Ajax Orlando Prospects
- Full name: Ajax Orlando Prospects
- Nickname: The Prospects
- Founded: 2002; 23 years ago
- Dissolved: 2007; 18 years ago
- Stadium: Warden Stadium
- Capacity: 2,500
- Chairman: Mark Dillon
- Manager: Mark Dillon
- League: USL Premier Development League
- 2006: 5th, Mid South Division
| Home colours | Away colours |

= Ajax Orlando Prospects =

Ajax Orlando Prospects was an American soccer club based in Orlando, Florida.
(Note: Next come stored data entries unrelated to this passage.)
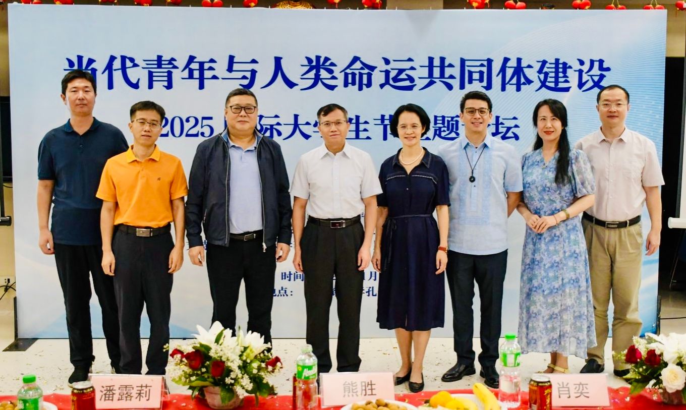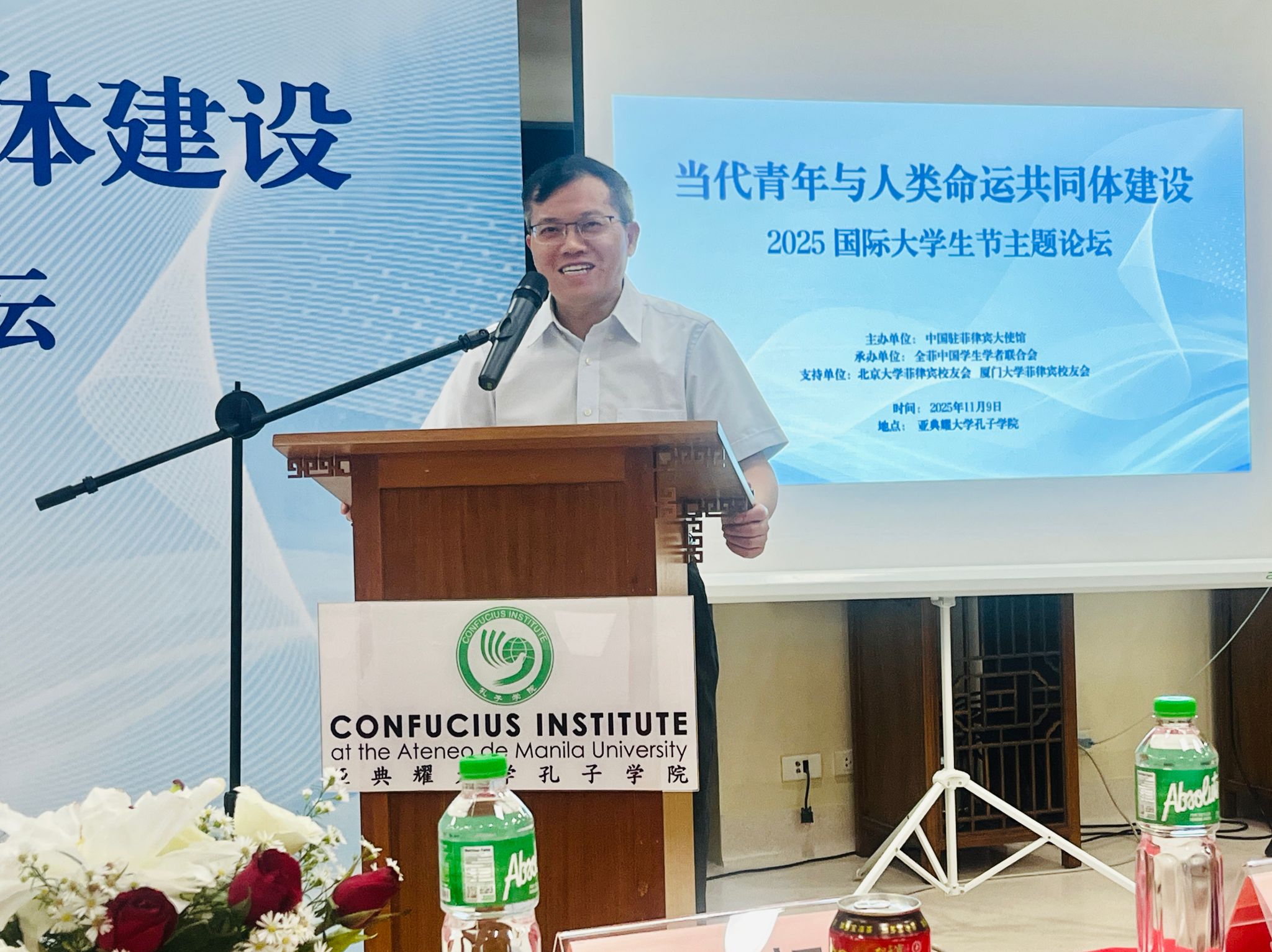11月9日,由中国驻菲律宾大使馆主办、全菲中国学生学者联合会承办的“当代青年与人类命运共同体建设”2025国际大学生节主题论坛,在亚典耀大学孔子学院顺利举行。中国驻菲律宾大使馆参赞熊胜、北京大学菲律宾校友会会长潘露莉、厦门大学菲律宾校友会副会长肖奕、亚典耀大学孔院中方院长黄林军、红溪礼示大学孔院中方院长杨正超、全菲中国学联活动部部长魏玉彪等嘉宾出席论坛。菲律宾大学孔子学院(以下简称“菲大孔院”)教师代表丁峰参加此次活动并分享主旨演讲。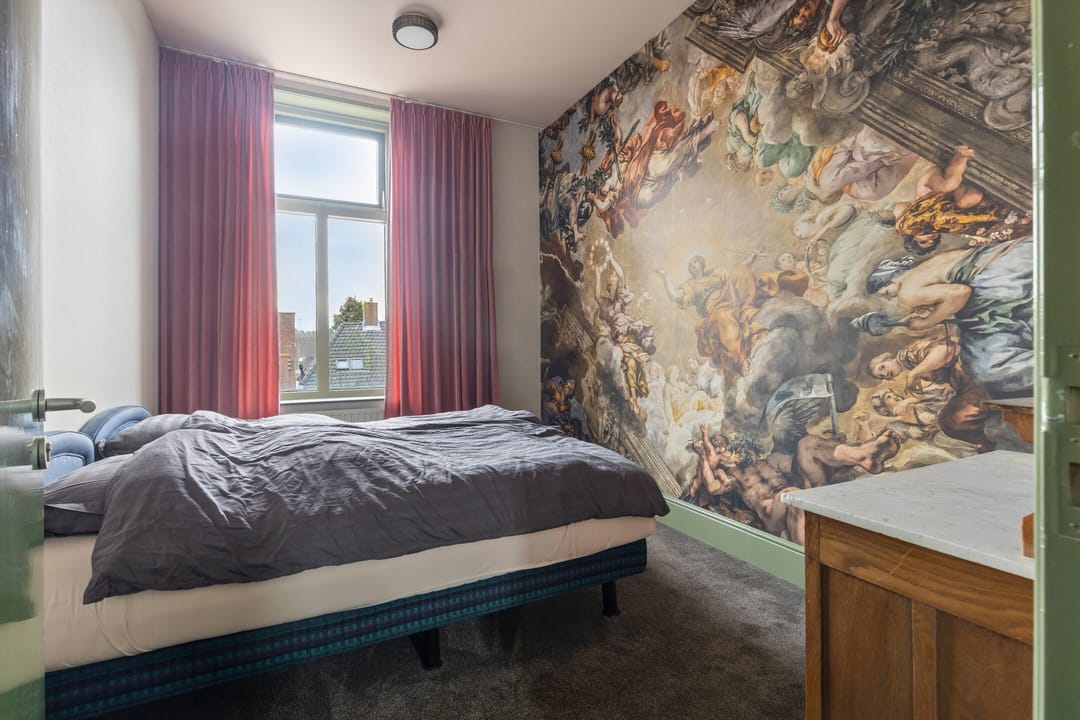 slaapkamer midden voor, wandafwerking behang, vloer afgewerkt met tapijt, plafond afgewerkt met stucwerk;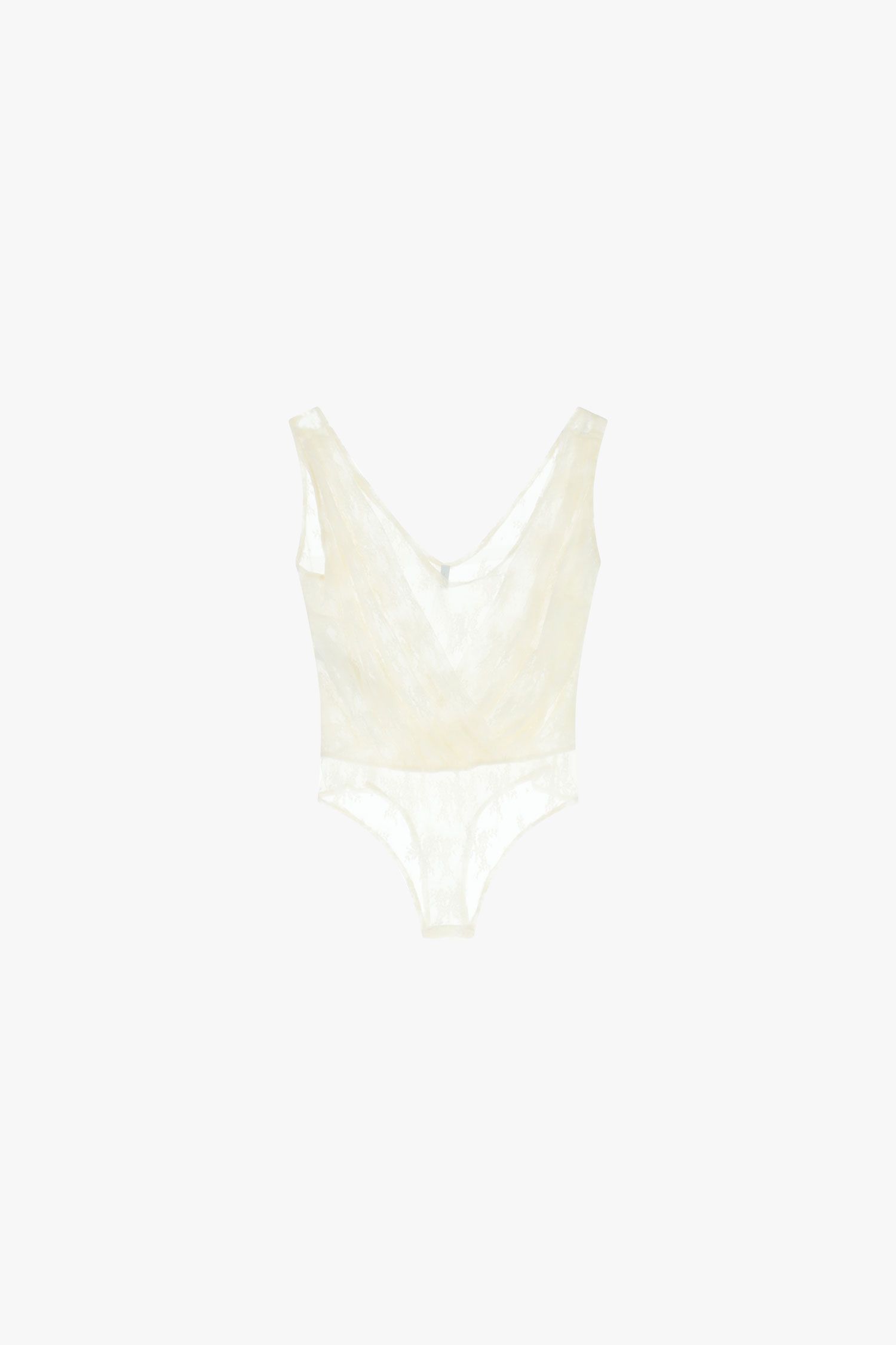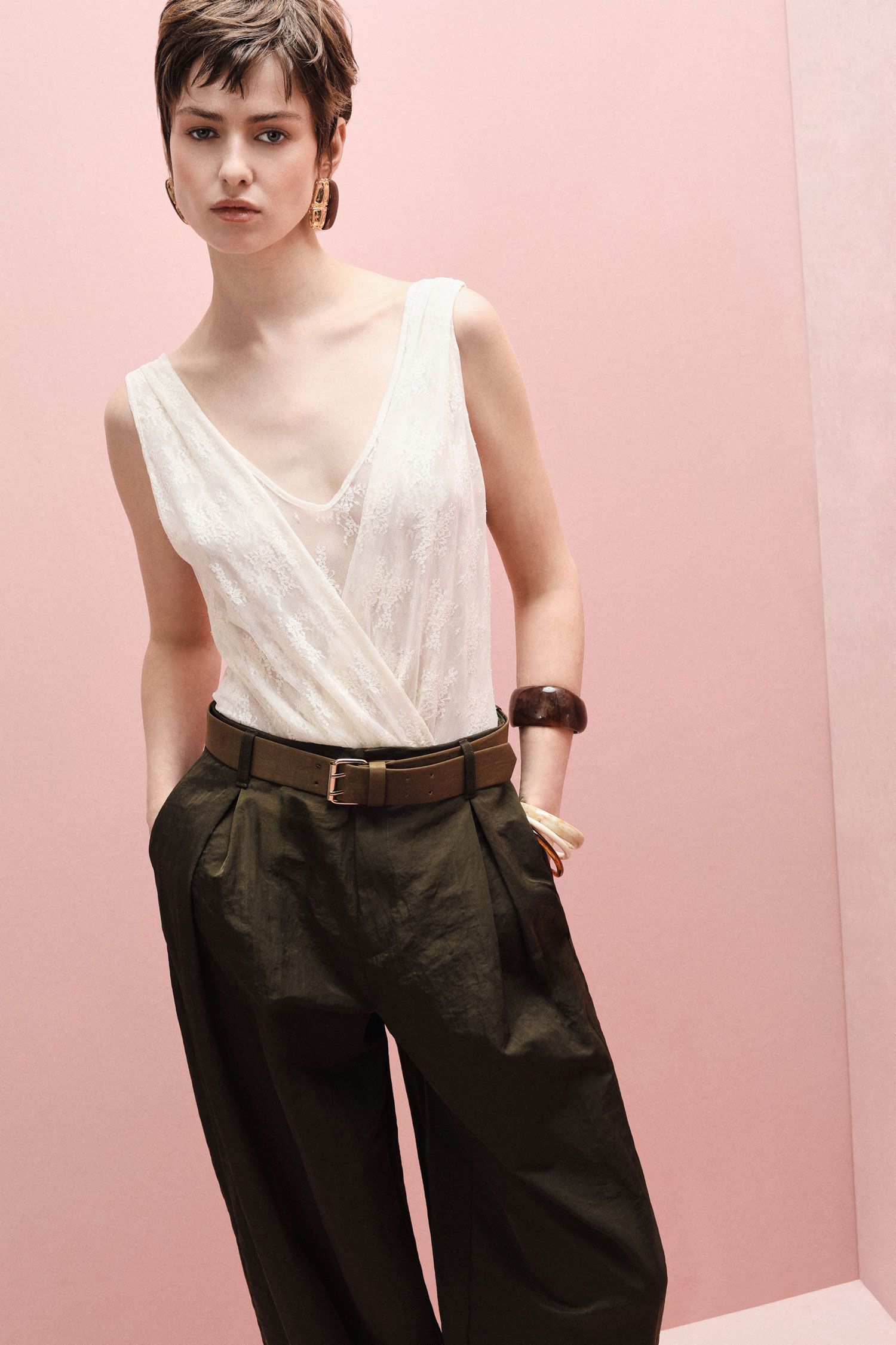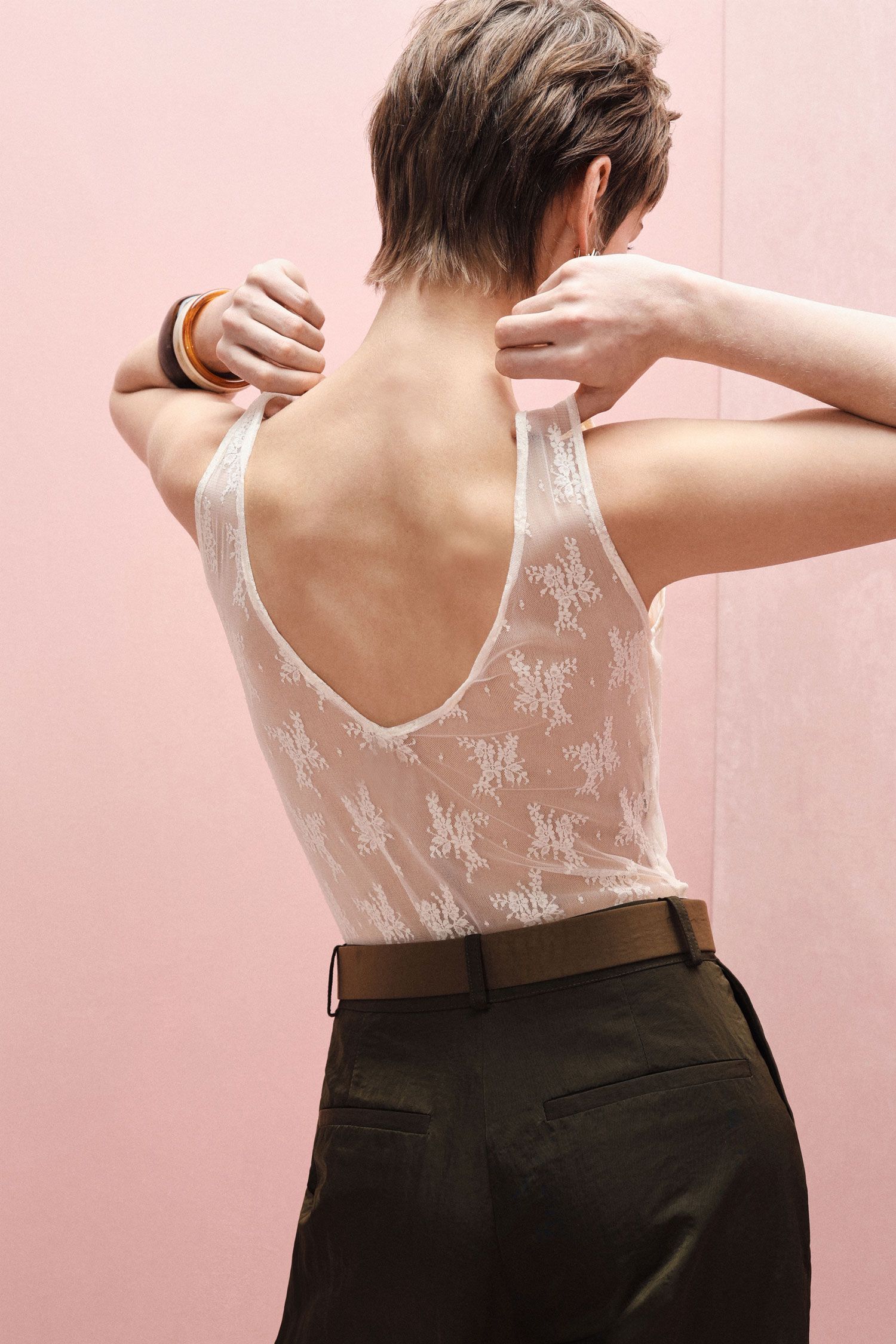 Body senza maniche dal taglio incrociato, caratterizzato da un profilo trasparente e stampa floreale in rilievo. Il design delinea una silhouette femminile e contemporanea, valorizzando ogni look metropolitano. Il profondo scollo a v aggiunge versatilità, permettendo abbinamenti creativi con blazer o pantaloni sartoriali.
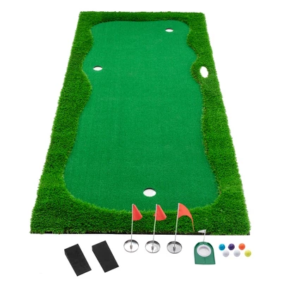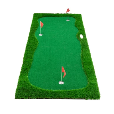 - The golf putting green comes with 3 golf holes and is also equipped with a stainless steel cup and flagpole to improve accuracy and precision when hitting, giving you a realistic golf experience.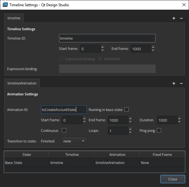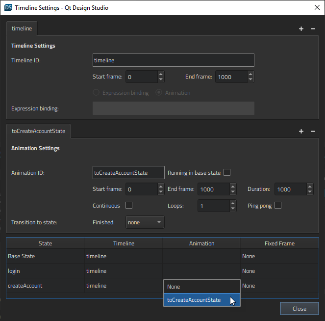 to add a 1000-frame timeline and define settings for running the animation. - In the Animation ID field, enter toCreateAccountState.

Founded in 2002. the team was a member of the United Soccer Leagues Premier Development League (PDL), the fourth tier of the American Soccer Pyramid, until 2006, when the team left the league and the franchise was terminated.

The Prospects played their home games at Warden Stadium on the grounds of The First Academy, a Christian college preparatory school in Orlando, Florida. The team's colors were white, red and black.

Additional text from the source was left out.